When performing stencil operations, oftentimes the edge of the array
requires special treatment. Several approaches to handling the edges
(adding explicit padding, or executing special code just when on the
boundaries) can slow your algorithm down because of extra steps or
branches.

This package helps support implementations which first handle the
"interior" of an array (for example using `TiledIterator` over just
the interior) using a "fast path," and then handle just the edges by a
(possibly) less carefully optimized algorithm.

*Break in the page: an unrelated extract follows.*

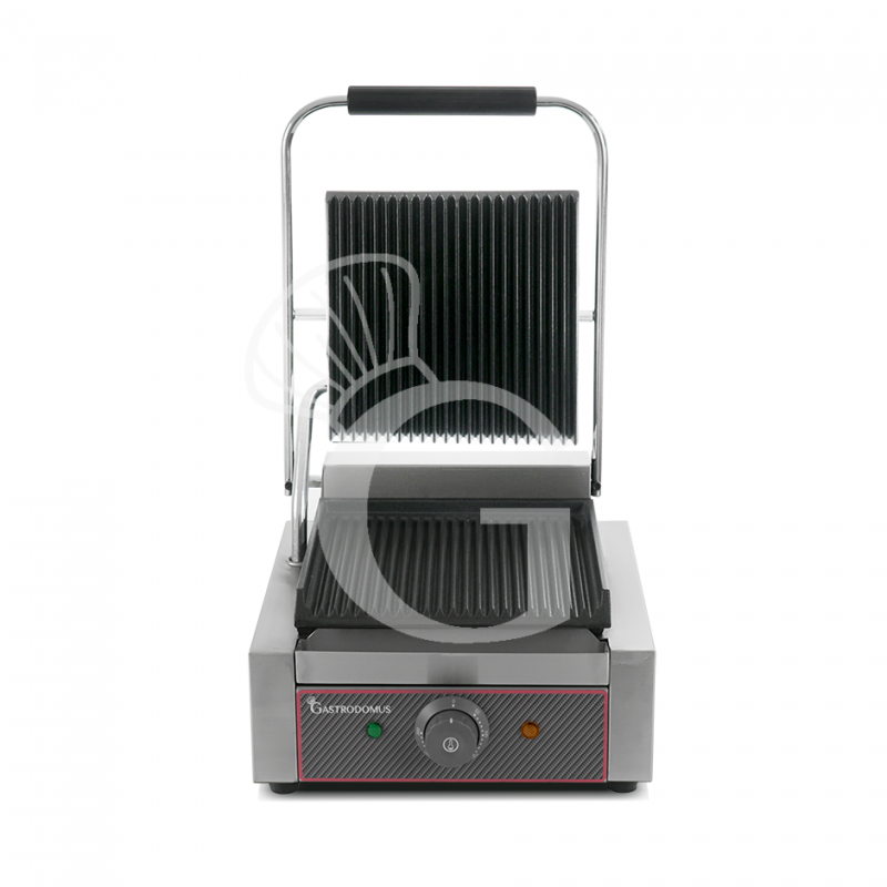 Sandwichera profesional simple de hierro fundido con superficie de cocción ranurada, L 310 mm x P 380 mm x aA 210/520 mm.

The key component of
this is `EdgeIterator`:

```julia
outerrange = CartesianIndices((-1:4, 0:3))
innerrange = CartesianIndices(( 1:3, 1:2))
julia> for I in EdgeIterator(outerrange, innerrange)
@show I
end
I = CartesianIndex(-1, 0)
I = CartesianIndex(0, 0)
I = CartesianIndex(1, 0)
I = CartesianIndex(2, 0)
I = CartesianIndex(3, 0)
I = CartesianIndex(4, 0)
I = CartesianIndex(-1, 1)
I = CartesianIndex(0, 1)
I = CartesianIndex(4, 1)
I = CartesianIndex(-1, 2)
I = CartesianIndex(0, 2)
I = CartesianIndex(4, 2)
I = CartesianIndex(-1, 3)
I = CartesianIndex(0, 3)
I = CartesianIndex(1, 3)
I = CartesianIndex(2, 3)
I = CartesianIndex(3, 3)
I = CartesianIndex(4, 3)
```

The time required to visit these edge sites is on the order of the
number of edge sites, not the order of the number of sites encompassed
by `outerrange`, and consequently is efficient.